##### Exercise inputs #####

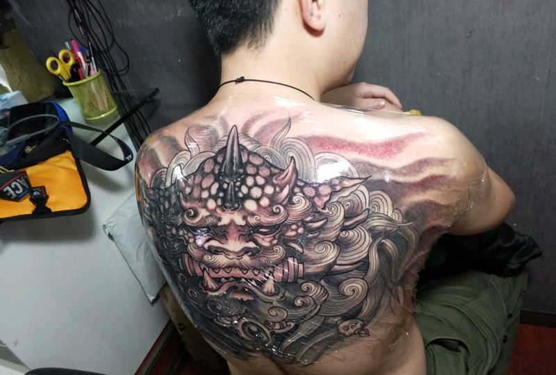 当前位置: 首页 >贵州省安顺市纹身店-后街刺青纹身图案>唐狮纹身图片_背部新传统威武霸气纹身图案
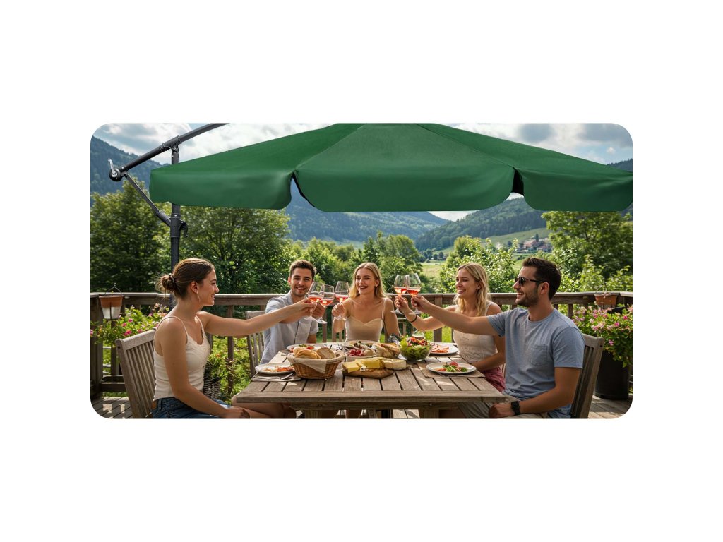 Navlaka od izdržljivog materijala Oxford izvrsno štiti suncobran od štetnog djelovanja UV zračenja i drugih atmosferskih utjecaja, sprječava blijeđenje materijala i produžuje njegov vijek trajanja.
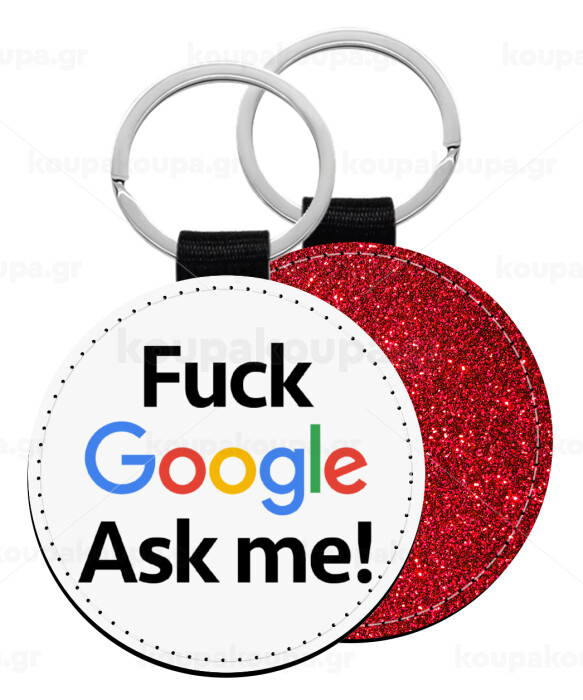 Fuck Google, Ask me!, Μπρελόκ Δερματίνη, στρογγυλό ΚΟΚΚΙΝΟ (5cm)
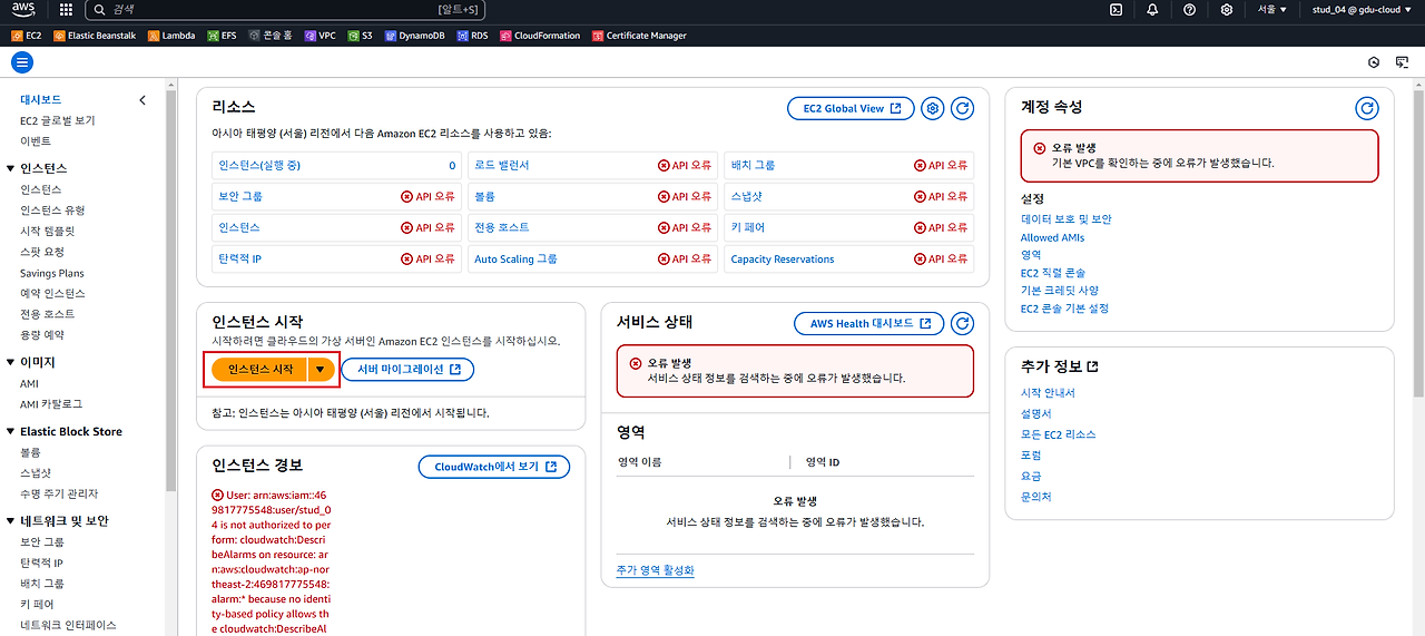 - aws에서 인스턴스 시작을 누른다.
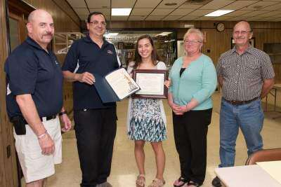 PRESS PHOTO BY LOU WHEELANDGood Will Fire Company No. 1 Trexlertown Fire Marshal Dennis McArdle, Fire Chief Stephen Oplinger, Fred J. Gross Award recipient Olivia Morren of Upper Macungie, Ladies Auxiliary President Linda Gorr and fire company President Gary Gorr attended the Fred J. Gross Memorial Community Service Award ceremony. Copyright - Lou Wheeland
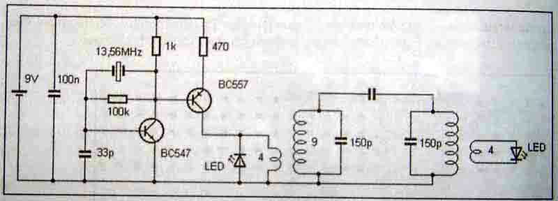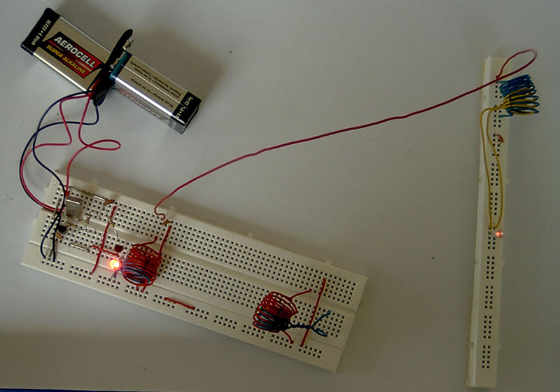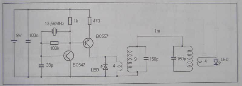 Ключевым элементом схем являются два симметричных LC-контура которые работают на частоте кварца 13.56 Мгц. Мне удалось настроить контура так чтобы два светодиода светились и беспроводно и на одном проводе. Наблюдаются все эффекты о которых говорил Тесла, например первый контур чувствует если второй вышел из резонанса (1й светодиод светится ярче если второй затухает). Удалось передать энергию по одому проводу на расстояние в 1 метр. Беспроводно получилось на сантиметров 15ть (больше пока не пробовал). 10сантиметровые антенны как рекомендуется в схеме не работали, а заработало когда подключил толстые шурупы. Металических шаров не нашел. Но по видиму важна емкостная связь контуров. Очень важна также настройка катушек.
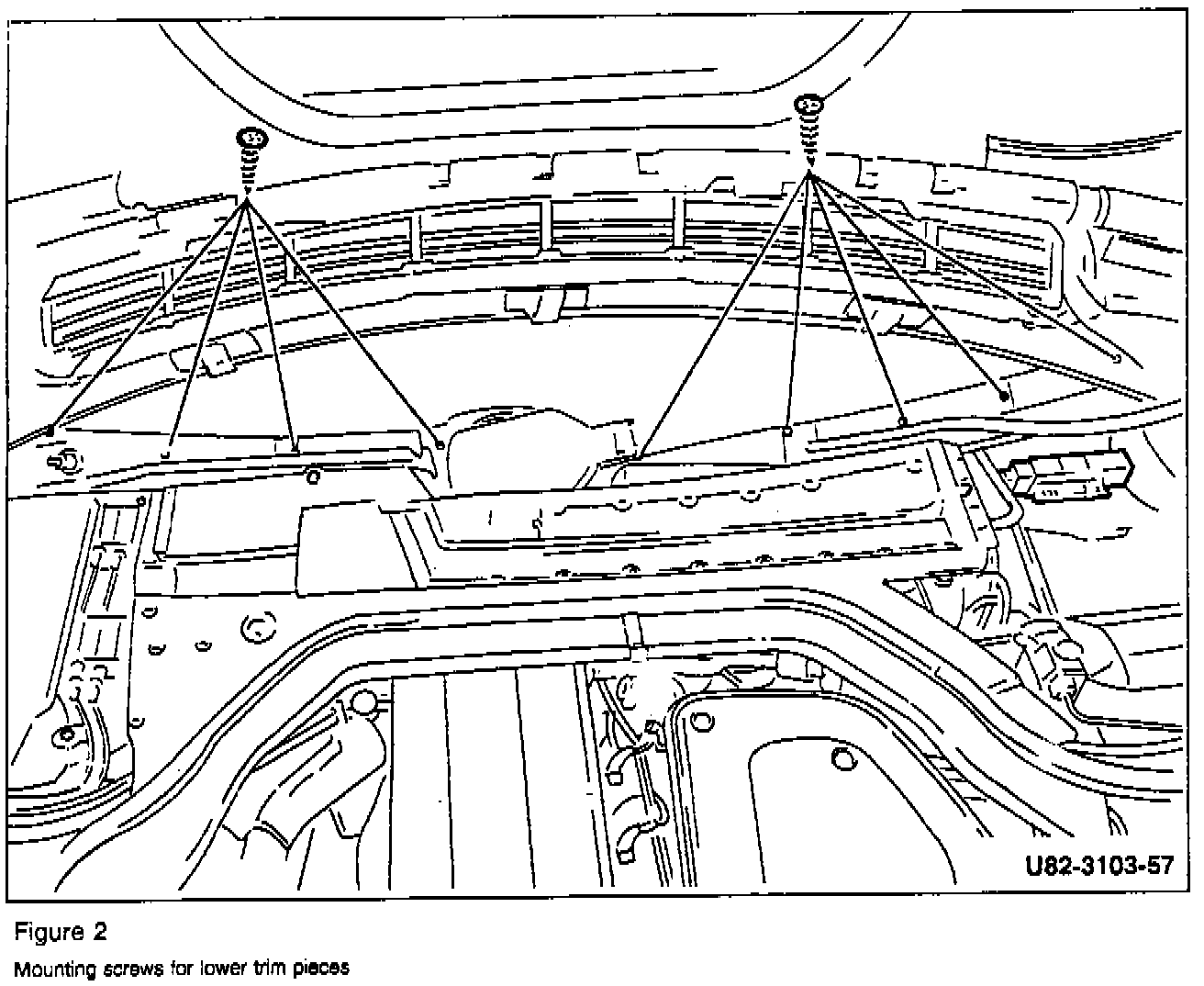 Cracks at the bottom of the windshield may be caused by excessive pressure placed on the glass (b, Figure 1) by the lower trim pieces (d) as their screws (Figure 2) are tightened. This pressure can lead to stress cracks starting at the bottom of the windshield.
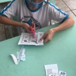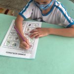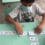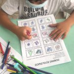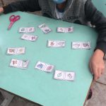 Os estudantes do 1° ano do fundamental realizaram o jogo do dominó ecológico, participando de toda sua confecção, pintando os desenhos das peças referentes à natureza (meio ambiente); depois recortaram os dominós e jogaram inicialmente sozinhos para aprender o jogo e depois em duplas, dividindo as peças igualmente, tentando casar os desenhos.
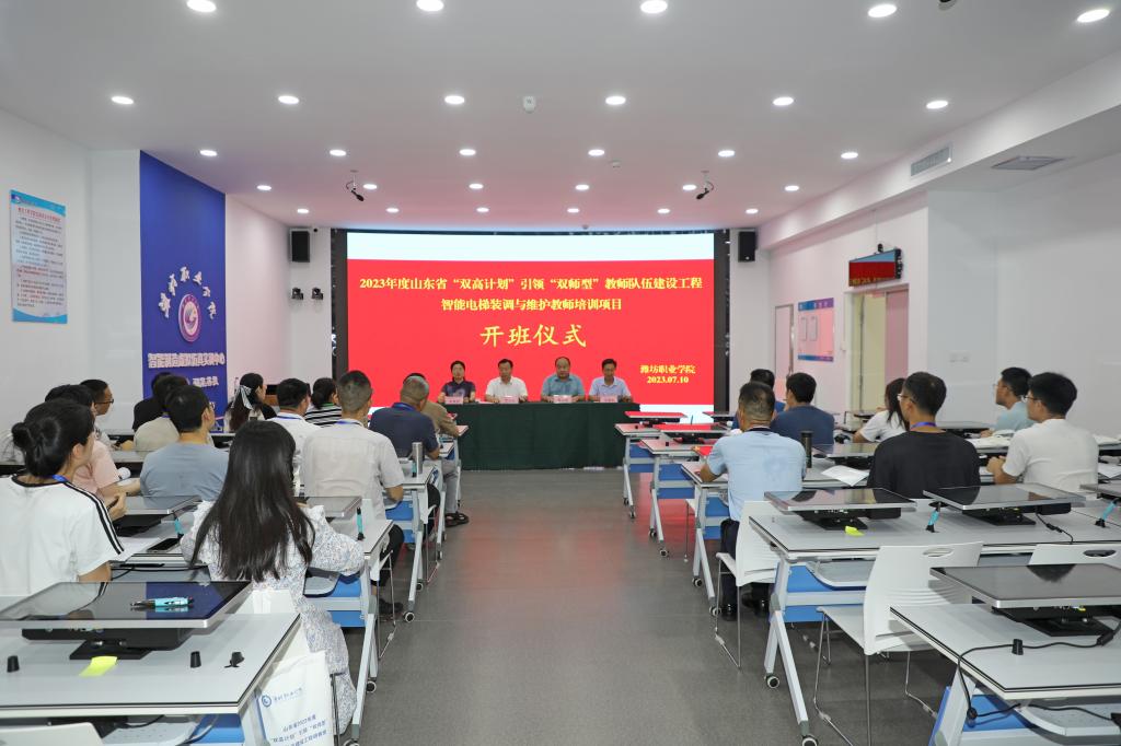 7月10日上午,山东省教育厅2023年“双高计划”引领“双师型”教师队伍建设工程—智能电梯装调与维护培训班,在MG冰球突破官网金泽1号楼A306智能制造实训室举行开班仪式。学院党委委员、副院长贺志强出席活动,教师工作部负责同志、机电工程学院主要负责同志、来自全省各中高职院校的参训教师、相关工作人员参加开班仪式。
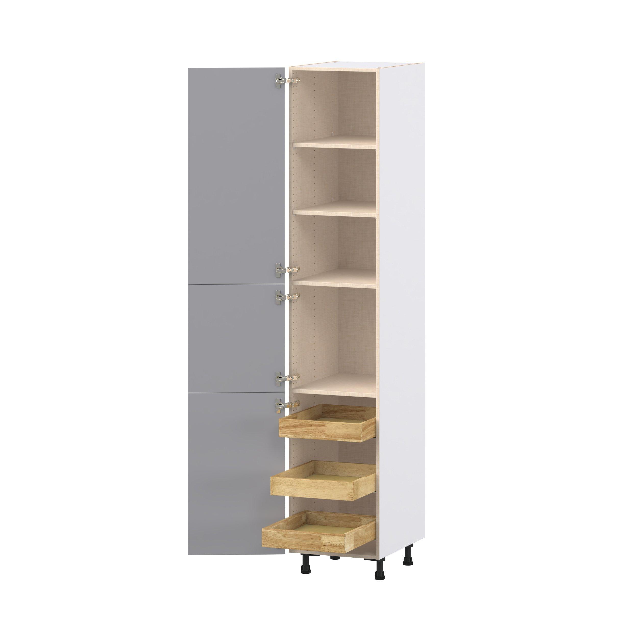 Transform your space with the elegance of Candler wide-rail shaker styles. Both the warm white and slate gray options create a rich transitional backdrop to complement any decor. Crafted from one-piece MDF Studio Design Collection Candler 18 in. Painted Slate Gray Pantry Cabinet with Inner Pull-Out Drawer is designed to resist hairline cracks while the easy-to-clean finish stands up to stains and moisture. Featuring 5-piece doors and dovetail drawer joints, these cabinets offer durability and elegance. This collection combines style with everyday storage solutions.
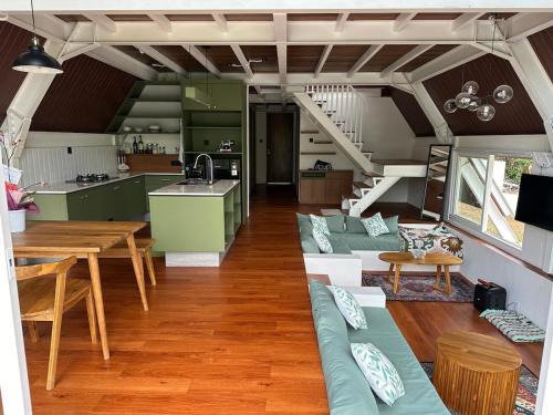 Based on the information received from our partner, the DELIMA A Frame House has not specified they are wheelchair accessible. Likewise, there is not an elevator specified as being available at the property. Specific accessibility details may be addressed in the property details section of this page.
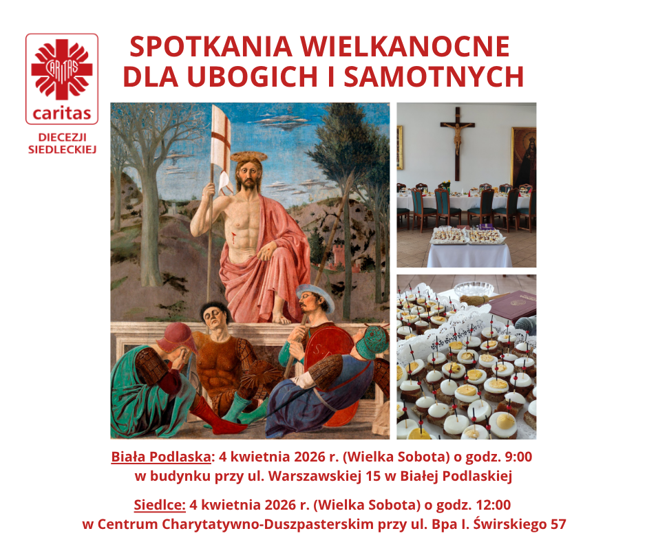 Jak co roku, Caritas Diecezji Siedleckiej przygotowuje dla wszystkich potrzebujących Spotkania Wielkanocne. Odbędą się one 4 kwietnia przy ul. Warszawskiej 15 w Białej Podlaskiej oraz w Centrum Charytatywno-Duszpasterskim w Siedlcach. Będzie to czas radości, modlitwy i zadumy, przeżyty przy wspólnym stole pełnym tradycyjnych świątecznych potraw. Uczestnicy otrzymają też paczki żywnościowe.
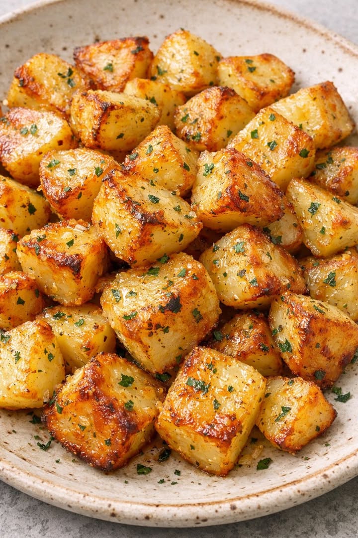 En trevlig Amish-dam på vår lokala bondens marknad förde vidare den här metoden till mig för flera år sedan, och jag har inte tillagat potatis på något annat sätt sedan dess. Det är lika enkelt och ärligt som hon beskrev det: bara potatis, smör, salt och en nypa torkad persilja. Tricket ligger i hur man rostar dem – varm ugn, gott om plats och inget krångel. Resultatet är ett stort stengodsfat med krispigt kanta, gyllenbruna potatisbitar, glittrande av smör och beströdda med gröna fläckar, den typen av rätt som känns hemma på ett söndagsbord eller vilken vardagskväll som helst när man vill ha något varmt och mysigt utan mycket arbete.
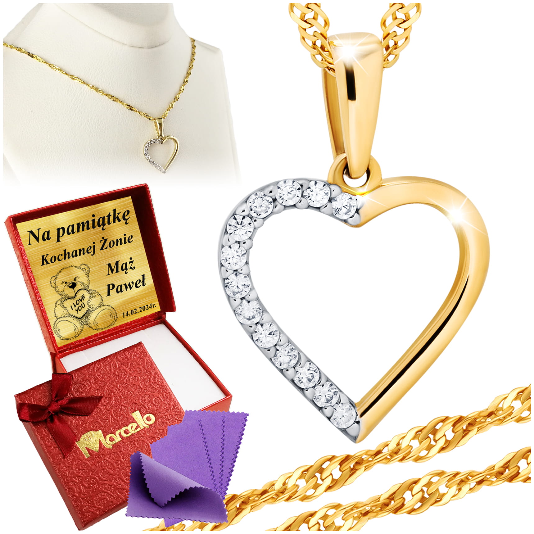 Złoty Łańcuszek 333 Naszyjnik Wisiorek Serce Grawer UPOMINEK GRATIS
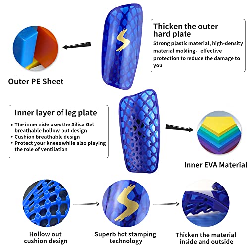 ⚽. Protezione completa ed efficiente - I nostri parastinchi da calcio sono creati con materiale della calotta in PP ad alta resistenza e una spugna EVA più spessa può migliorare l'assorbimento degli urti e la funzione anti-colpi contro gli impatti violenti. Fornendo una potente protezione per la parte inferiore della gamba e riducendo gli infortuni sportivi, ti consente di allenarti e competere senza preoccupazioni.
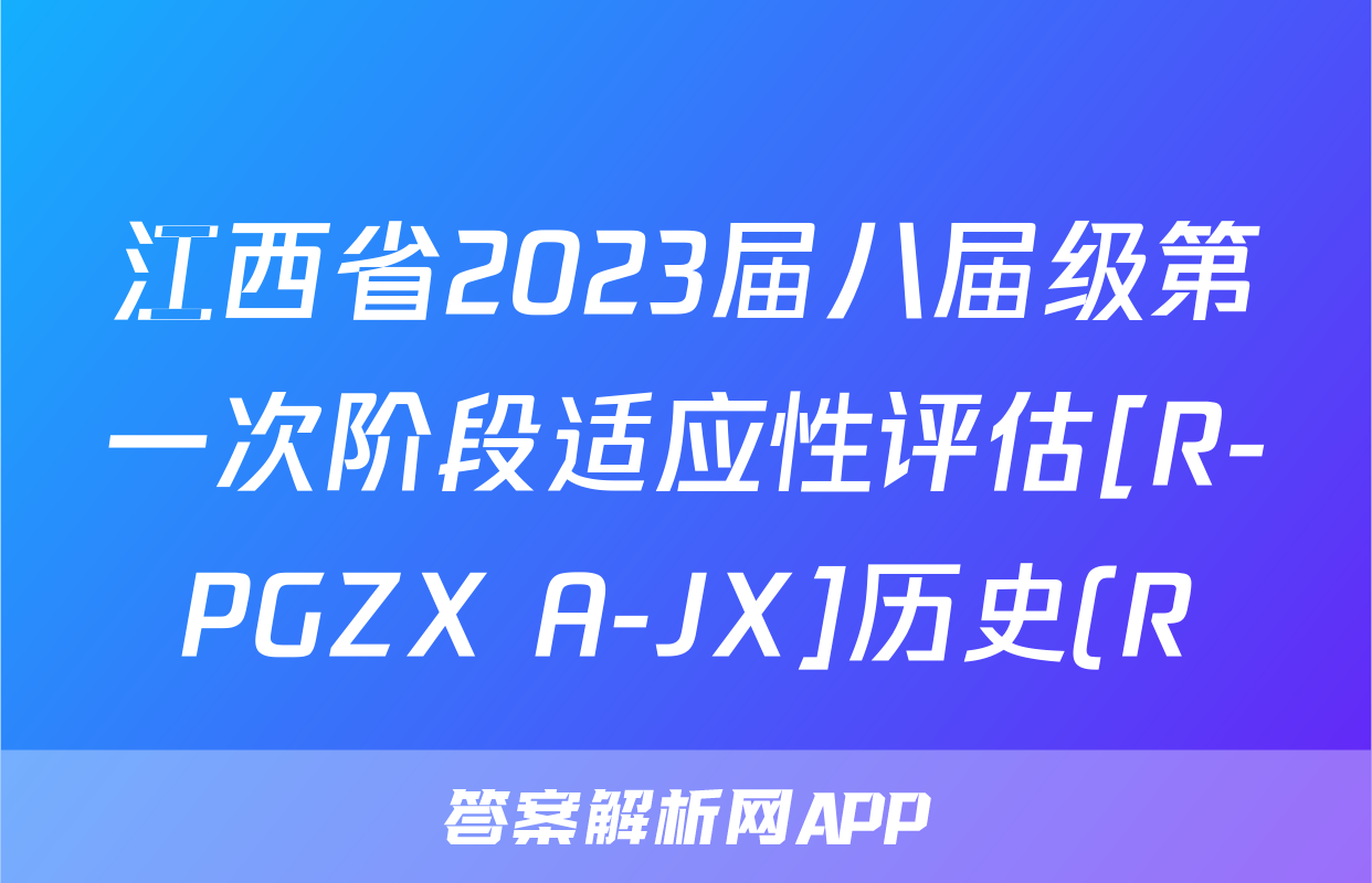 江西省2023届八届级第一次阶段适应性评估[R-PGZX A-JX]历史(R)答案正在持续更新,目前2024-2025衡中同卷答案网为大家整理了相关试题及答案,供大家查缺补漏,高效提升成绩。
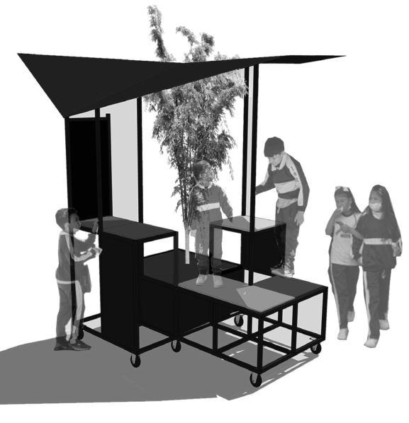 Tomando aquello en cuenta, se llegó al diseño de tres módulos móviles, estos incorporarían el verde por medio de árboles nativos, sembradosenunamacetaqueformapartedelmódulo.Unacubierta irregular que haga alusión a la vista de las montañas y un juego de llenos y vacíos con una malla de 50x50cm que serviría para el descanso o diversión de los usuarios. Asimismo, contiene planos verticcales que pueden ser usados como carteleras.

#####

▸ **Requirement**:
Leaving out the pictures, please output the lines in the entries above from the one with "Złoty Łańcuszek 333" through the one with "江西省2023届八届级第一次", exactly as they are.

▸ **Written solution**:
 Złoty Łańcuszek 333 Naszyjnik Wisiorek Serce Grawer UPOMINEK GRATIS
 ⚽. Protezione completa ed efficiente - I nostri parastinchi da calcio sono creati con materiale della calotta in PP ad alta resistenza e una spugna EVA più spessa può migliorare l'assorbimento degli urti e la funzione anti-colpi contro gli impatti violenti. Fornendo una potente protezione per la parte inferiore della gamba e riducendo gli infortuni sportivi, ti consente di allenarti e competere senza preoccupazioni.
 江西省2023届八届级第一次阶段适应性评估[R-PGZX A-JX]历史(R)答案正在持续更新,目前2024-2025衡中同卷答案网为大家整理了相关试题及答案,供大家查缺补漏,高效提升成绩。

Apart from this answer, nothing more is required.